I've always liked stripes, prefer two stripes to 1 though. If you can find someone who's pretty good with photo shop you can have them put stripes on it so you can kinda see what it looks like.


----------



## Nickruckusnj (May 30, 2012)

The do the installs themselves so idk if he would make a kit. The company is called phenomenal vinyl. Check em out. Im more a fan of blue thats why I'd get that color but I'm not disagreeing that red wouldn't look awesome. 

PH Vinyl |


----------



## boats4life (May 28, 2011)

I'd like that stripe in 3d carbon with the thinner one being darker red, like a wine red.


----------



## SiK GambleR (Jan 24, 2012)

I like.. id do black on a lighter color personally, or a blood red on a dark color, ...or matte black on a dark blue/grey

DANG YOU FOR GIVING ME IDEAS TO SPEND MONEY ON


----------



## 4035 (Jan 21, 2012)

Ok, I like the idea of adding stripes... anything but those stripes. Every time I see a car on the road with them, it drives me nuts that its not even or centered. I know, it's the point, but still.. just my two cents.


----------



## tecollins1 (Nov 6, 2011)

I don't like stripes when they go past the hood on to the front bumper likewise when they go down the back bumper seems to much like the 90s viper days 



Sent from iPhone 4


----------



## Nickruckusnj (May 30, 2012)

I'm still going with it. Getting it done August 11th. Pics will be posted right after.


----------



## Mick (Dec 31, 2011)

^ yeah I'd stop at the bumper and top of hood, and dual instead of single. But I don't like stripes so this comment is invalid.

If they want.to sponsor a full body wrap I'd so be down for that.


----------



## Chevyderek72 (May 16, 2011)

I actually do like how the stripes go all the way down. Then again in the 90's I was under 10 haha.

Sent from my DROID X2 using AutoGuide.com App


----------



## tecollins1 (Nov 6, 2011)

Born in 88 so same boat. just sayin it was cool in the 90's now it just looks to plain. There's no diff angles just straight lines. 

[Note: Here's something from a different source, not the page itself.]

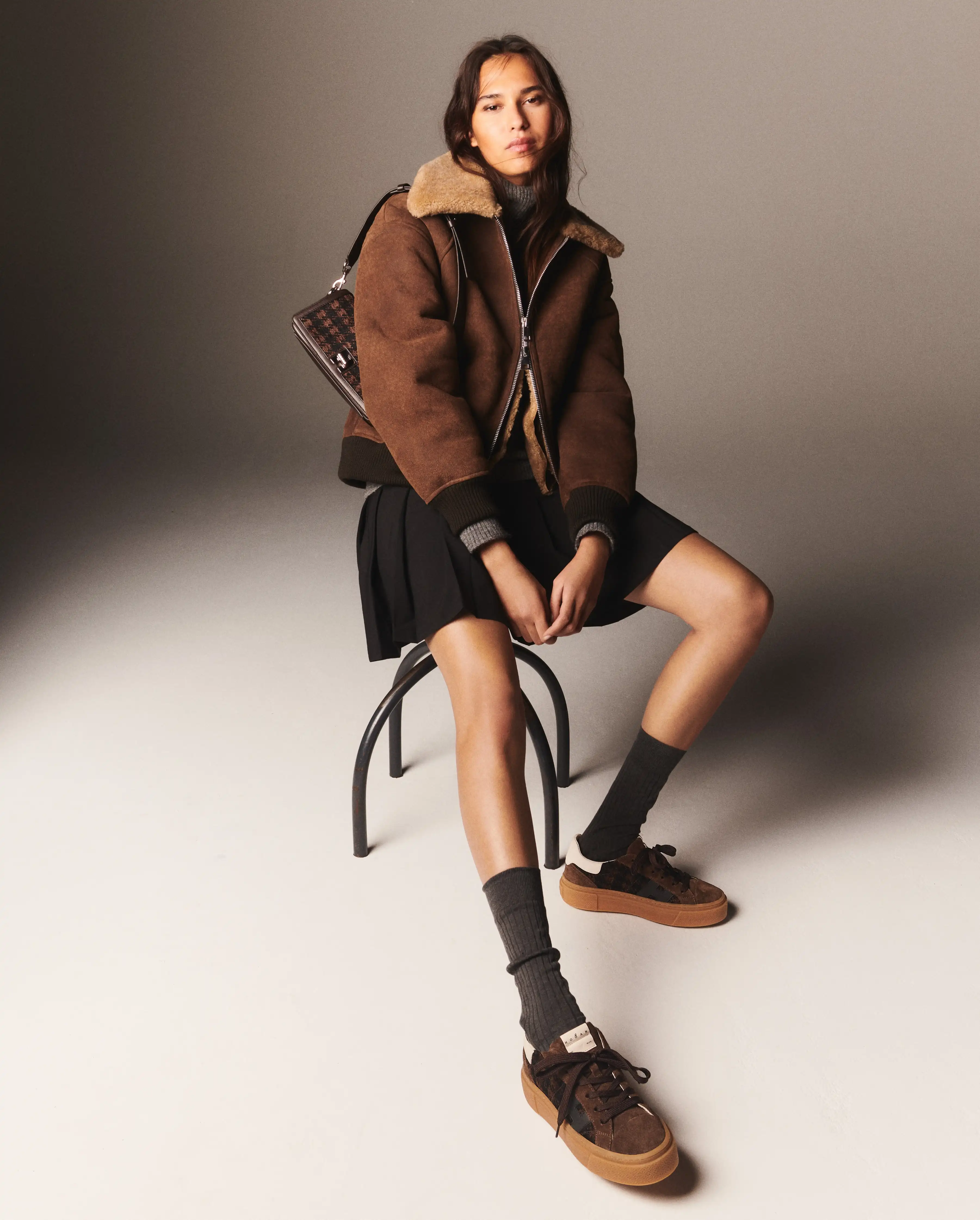 2026 年 2 月 27 日,意大利品牌 HOGAN 发布 2026-27 秋冬系列,以当代视角回溯品牌 1980 年代米兰典藏设计,围绕形式与创意、精致与随性的平衡展开。系列以利落线条、质感面料与暖调深邃色彩,呼应米兰装饰艺术与城市建筑气质。标志性 “H” 标识以全新比例呈现于鞋履及配饰中,同时融入创新针织、动物纹、千鸟格与水钻镶嵌等细节,将复古基因与现代都市穿搭美学融为一体

When I did my stripes I was debating to just leave one stripe on as well but in the end I threw another one one just to even it out. 

Btw grab some blue painters tape and throw it on and see if you like it before you spend the money 

Sent from iPhone 4


----------



## Robafett (Apr 25, 2011)

Any pics of the installed stripes?


----------



## 70AARCUDA (Nov 14, 2010)

About the only "stripes" that I like are: (A) the Bill Murray *movie* and (B) the "*strobe-stripe*"-design that Plymouth used on the AAR 'Cuda.


----------